First, we will import the required libraries.


In [1]:
# Load Pandas - Python data analysis library
import pandas as pd

# importing data sets
from sklearn import datasets
# or you can use - > from sklearn.datasets import load_iris

from sklearn import tree
from sklearn.model_selection import train_test_split

# Load visualization libraries
import matplotlib.pyplot as plt
import seaborn as sb

# This line tells the notebook to show plots inside of the notebook
%matplotlib inline

### Viewing the iris dataset


Let us first have a qucik look and examin what is in the dataset. 
The dataset consists of:
* 150 examples
* 3 labls: species of Iris (setosa, virginica, and versicolor)
* 4 features: Sepal length & width, Petal length & Width in cm

Let's start by writing python coad that load the iris dataset:

In [2]:
iris = datasets.load_iris()

Now that we've loaded the dataset, let's examine what is in it

In [3]:
iris.data # this outputs a NumPy array

array([[5.1, 3.5, 1.4, 0.2],
       [4.9, 3. , 1.4, 0.2],
       [4.7, 3.2, 1.3, 0.2],
       [4.6, 3.1, 1.5, 0.2],
       [5. , 3.6, 1.4, 0.2],
       [5.4, 3.9, 1.7, 0.4],
       [4.6, 3.4, 1.4, 0.3],
       [5. , 3.4, 1.5, 0.2],
       [4.4, 2.9, 1.4, 0.2],
       [4.9, 3.1, 1.5, 0.1],
       [5.4, 3.7, 1.5, 0.2],
       [4.8, 3.4, 1.6, 0.2],
       [4.8, 3. , 1.4, 0.1],
       [4.3, 3. , 1.1, 0.1],
       [5.8, 4. , 1.2, 0.2],
       [5.7, 4.4, 1.5, 0.4],
       [5.4, 3.9, 1.3, 0.4],
       [5.1, 3.5, 1.4, 0.3],
       [5.7, 3.8, 1.7, 0.3],
       [5.1, 3.8, 1.5, 0.3],
       [5.4, 3.4, 1.7, 0.2],
       [5.1, 3.7, 1.5, 0.4],
       [4.6, 3.6, 1. , 0.2],
       [5.1, 3.3, 1.7, 0.5],
       [4.8, 3.4, 1.9, 0.2],
       [5. , 3. , 1.6, 0.2],
       [5. , 3.4, 1.6, 0.4],
       [5.2, 3.5, 1.5, 0.2],
       [5.2, 3.4, 1.4, 0.2],
       [4.7, 3.2, 1.6, 0.2],
       [4.8, 3.1, 1.6, 0.2],
       [5.4, 3.4, 1.5, 0.4],
       [5.2, 4.1, 1.5, 0.1],
       [5.5, 4.2, 1.4, 0.2],
       [4.9, 3

Let's examine the NumPy array:


In [4]:
iris.data.shape

(150, 4)

This means that the data is 150 rows by 4 columns.

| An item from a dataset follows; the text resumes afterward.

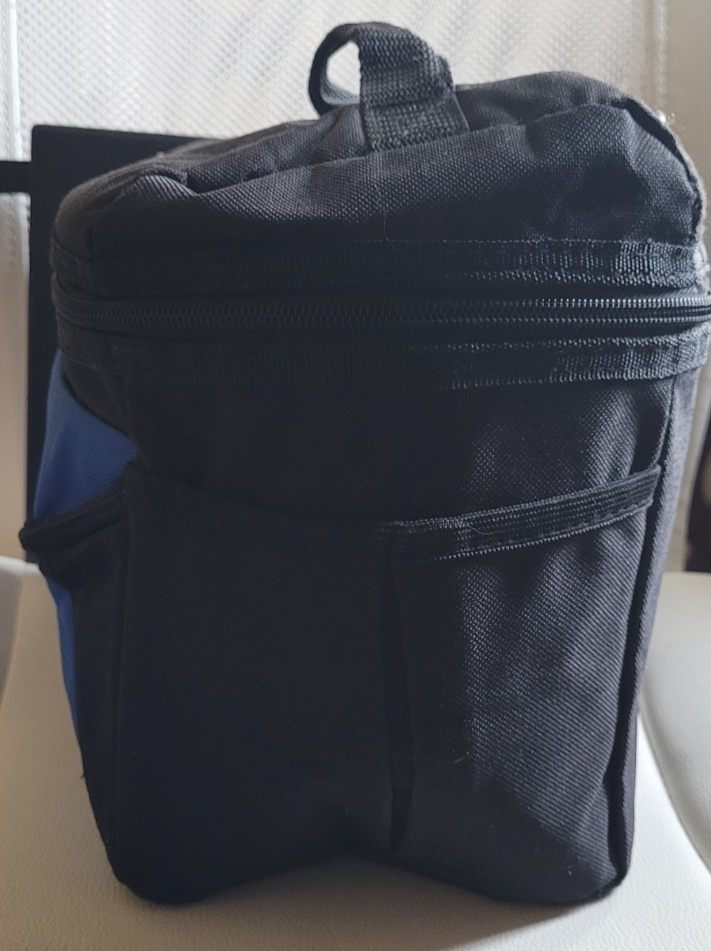 This cooler is in good used condition. There are no holes or stains that I found. The zippers work well. It measures approximately: Height: 8 inches. Length: 9 inches. Width: 6 inches

Let's look at the first row:

In [5]:
iris.data[0]


array([5.1, 3.5, 1.4, 0.2])

The output for the first row has four numbers. Let's determine what they mean by typing:


In [6]:
iris.feature_names

['sepal length (cm)',
 'sepal width (cm)',
 'petal length (cm)',
 'petal width (cm)']

The feature or column names name the data. They are strings that correspond to dimensions in different types of flowers.

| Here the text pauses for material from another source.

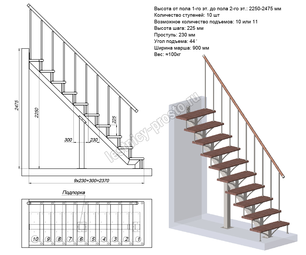 Стоимость указана для металлического каркаса и ступеней. Ограждение можно выбрать отдельно

Putting it all together, we have 150 examples of flowers with four measurements per flower in centimeters. For example, the first flower has measurements of 
* 5.1 cm for sepal length, 
* 3.5 cm for sepal width, 
* 1.4 cm for petal length, and
* 0.2 cm for petal width.

Now, let's look at the output variable in a similar manner:

In [7]:
iris.target

array([0, 0, 0, 0, 0, 0, 0, 0, 0, 0, 0, 0, 0, 0, 0, 0, 0, 0, 0, 0, 0, 0,
       0, 0, 0, 0, 0, 0, 0, 0, 0, 0, 0, 0, 0, 0, 0, 0, 0, 0, 0, 0, 0, 0,
       0, 0, 0, 0, 0, 0, 1, 1, 1, 1, 1, 1, 1, 1, 1, 1, 1, 1, 1, 1, 1, 1,
       1, 1, 1, 1, 1, 1, 1, 1, 1, 1, 1, 1, 1, 1, 1, 1, 1, 1, 1, 1, 1, 1,
       1, 1, 1, 1, 1, 1, 1, 1, 1, 1, 1, 1, 2, 2, 2, 2, 2, 2, 2, 2, 2, 2,
       2, 2, 2, 2, 2, 2, 2, 2, 2, 2, 2, 2, 2, 2, 2, 2, 2, 2, 2, 2, 2, 2,
       2, 2, 2, 2, 2, 2, 2, 2, 2, 2, 2, 2, 2, 2, 2, 2, 2, 2])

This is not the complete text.